Two stories come to mind. One is the intake ducts on the MiG-23 are copied from the F-4. They included the little holes, although they may not have known that the reason for them was to siphon off the boundary layer air so that all air entering the engine was turbulent, as it needs to be. But what they also copied is the little horizontal "airfoils" between that intake with the holes and the fuselage. They didn't know what they were for, but they kept them out of ignorance. Those little "supersonic airfoils" are really barricade cutters, useful only for carrier-based aircraft where barricades might be used. I'd love to see a MiG-23 take the barricade, but it's not likely.
The second story is about printed circuit boards in the late 60's/early 70's. I believe it was when the MiG-25 defected to Japan, but I'm not certain. At any rate, the U.S. had a chance to review internal components of a Soviet aircraft. One of the PCB's was an exact copy of one of ours (that I believe was used in a radar system). The copy was so exact that U.S. intel could tell when the plans were stolen and where they were stolen from. The reason is that the PCB had a hole near one edge of the board. The only ones we had that had that hole in that location were the prototype boards that were hand made. The purpose of the hole was to loop a wire through so they could hang them up while they were drying since they were hand-dipped in lacquer as a final step.

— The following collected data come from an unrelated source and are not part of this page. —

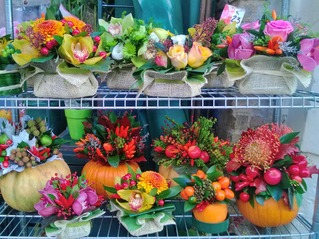 ↑ ポポロ広場の近くにある花屋さんでは、カボチャをお花の器にしていました。オレンジ色は元気が出る色です!
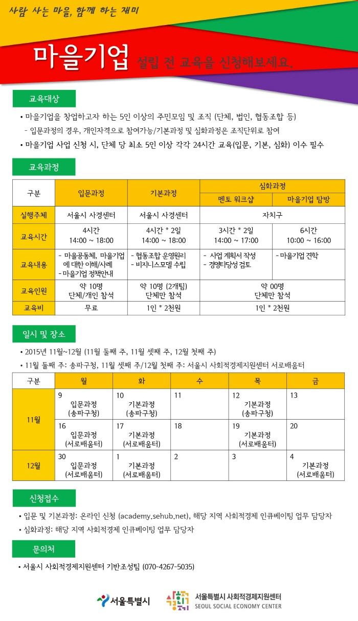 [안내] 마을기업 설립 전 교육 시행 (2015. 11 ~ 12)
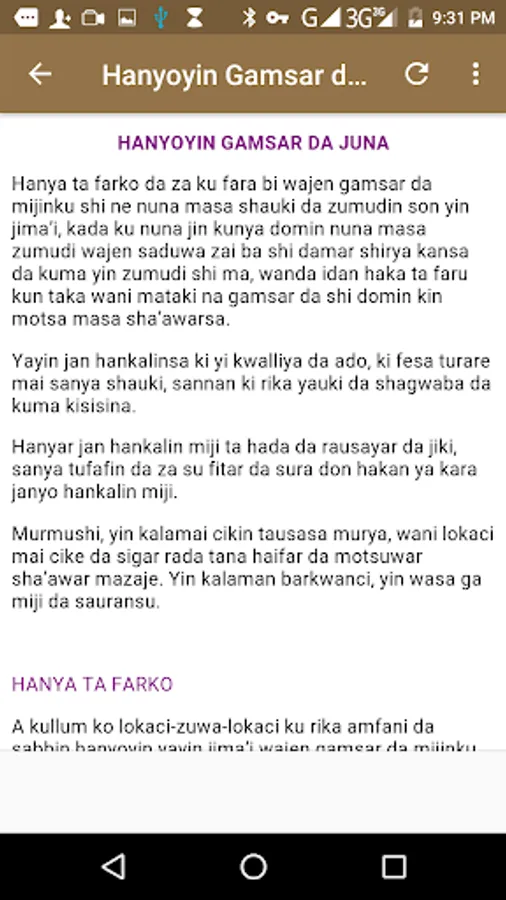 Wannan Appkication ya kunshi Dabaru, magunguna, shawarwari da hanyoyin da ma'aurata zasubi domin inganta rayuwar aurensu
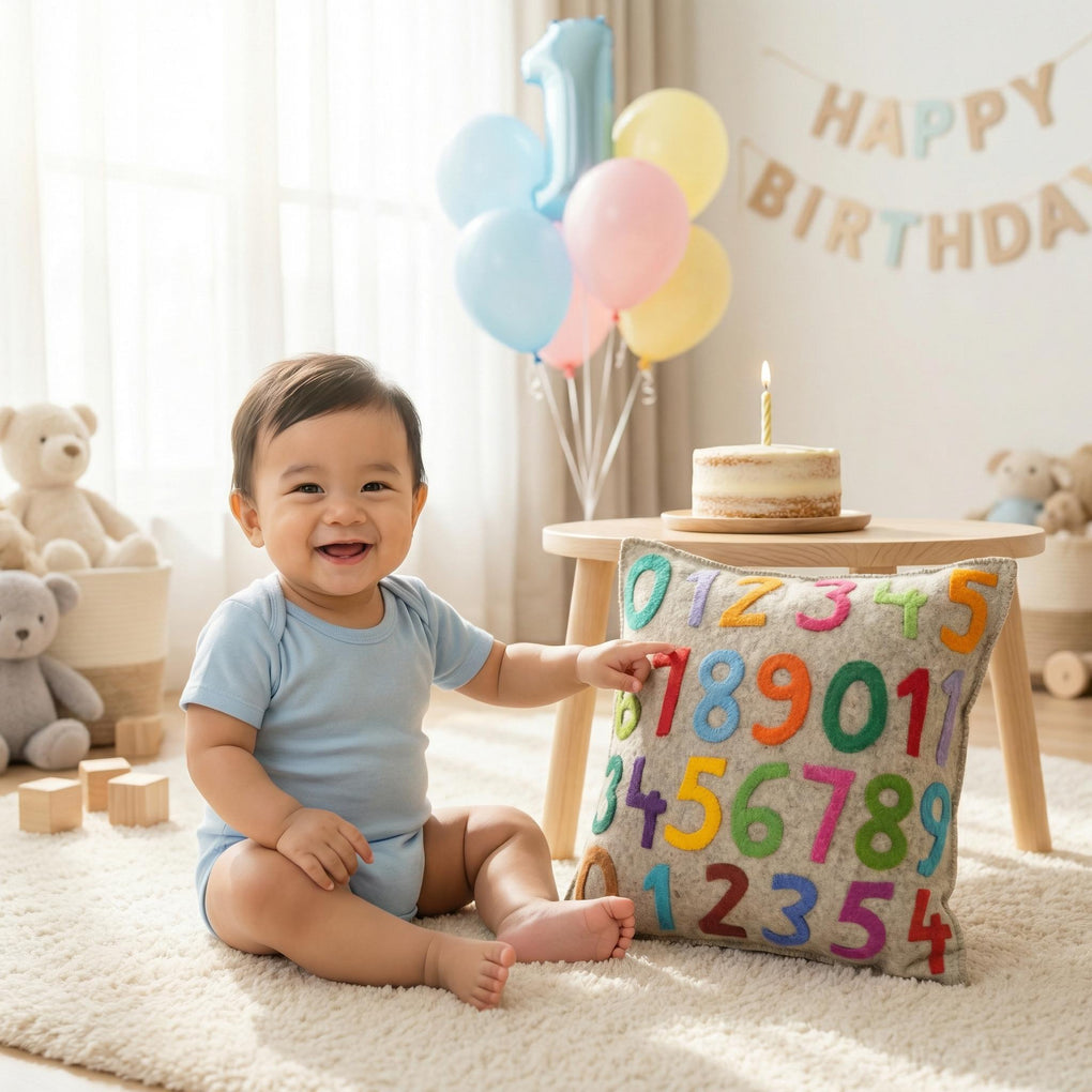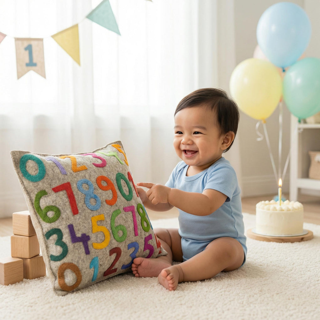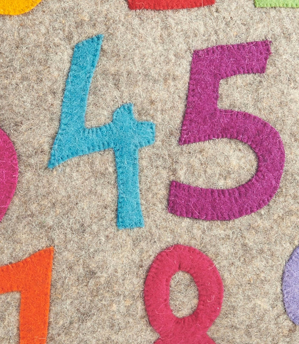 The digits seem to dance on this colorful pillow cover! Perfect for little ones learning to count. Hand felted and hand appliqued in 100% sustainable wool felt.

When the board went into production, the boards were on an assembly line where lacquer was applied and then dried as it continued briefly through a heater or blower or something. The boards never needed to be hung up to dry, so they no longer had that hole. But the enemy didn't know the difference.
The beauty of these discoveries (and those noted in the List) is that more is revealed about the level of their understanding than our adversaries would like us to know. They really didn't understand what they had, but they respected our science and engineering so much that they were afraid to change anything, even when they saw no purpose to the design.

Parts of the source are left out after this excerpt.